Example with batched inputs:

>>> prediction = Variable(
...     data=["green", "blue"],
...     role="color prediction",
...     requires_grad=True
... )
>>> target = ["red", "blue"]
>>> score, explanation = ExactMatchEvaluator.apply(prediction, target)
>>> score.data
1
>>> explanation.data
'The evaluation function, designed for 'exact match', compared the <DATA> fields of the predicted variable and the target variable across all samples in the batch, generating individual scores for each pair. These scores were then aggregated using the reduction function 'summation', resulting in a final aggregated score: 1.'
>>> explanation.backward()
>>> prediction.grad[0].data
'Reassess the criteria that led to the initial prediction of 'green'.'
classmethod apply(*args, **kwargs)#

Applies the forward function of the custom Function class.
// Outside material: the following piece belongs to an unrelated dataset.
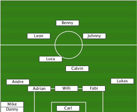---------------Benny------------- --------Leon----------Johnny------ -----------Luca------------------ -----------------Calvin---------- ---Andre--------------------Lukas- --------Adrian-Willi---Fabi-------- --Mike-Danny-----Carl--------------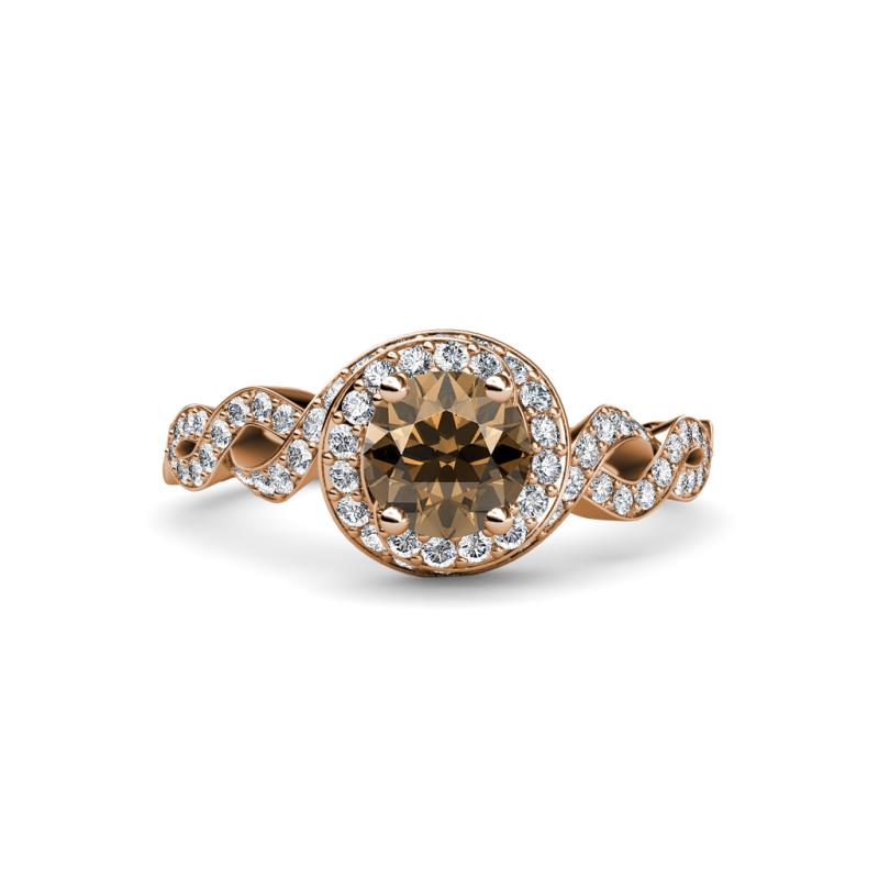 1 1/2 ctw Round Smoky Quartz and Diamond Twisted Womens Halo Engagement Ring 18K Rose Gold More Details ...

This method handles cases where setup_context is defined to set up the ctx (context) object separately or within the forward method itself.

static backward(ctx, score_grad_output, explanation_grad_output)[source]#

Define a formula for differentiating the operation with backward mode automatic differentiation.

This function is to be overridden by all subclasses.

It must accept a context ctx as the first argument, followed by as many outputs as the forward() returned (None will be passed in for non variable outputs of the forward function), and it should return as many variables, as there were inputs to forward(). Each argument is the gradient w.r.t the given output, and each returned value should be the gradient w.r.t. the corresponding input. If an input is not a Variable or is a Variable not requiring grads, you can just pass None as a gradient for that input.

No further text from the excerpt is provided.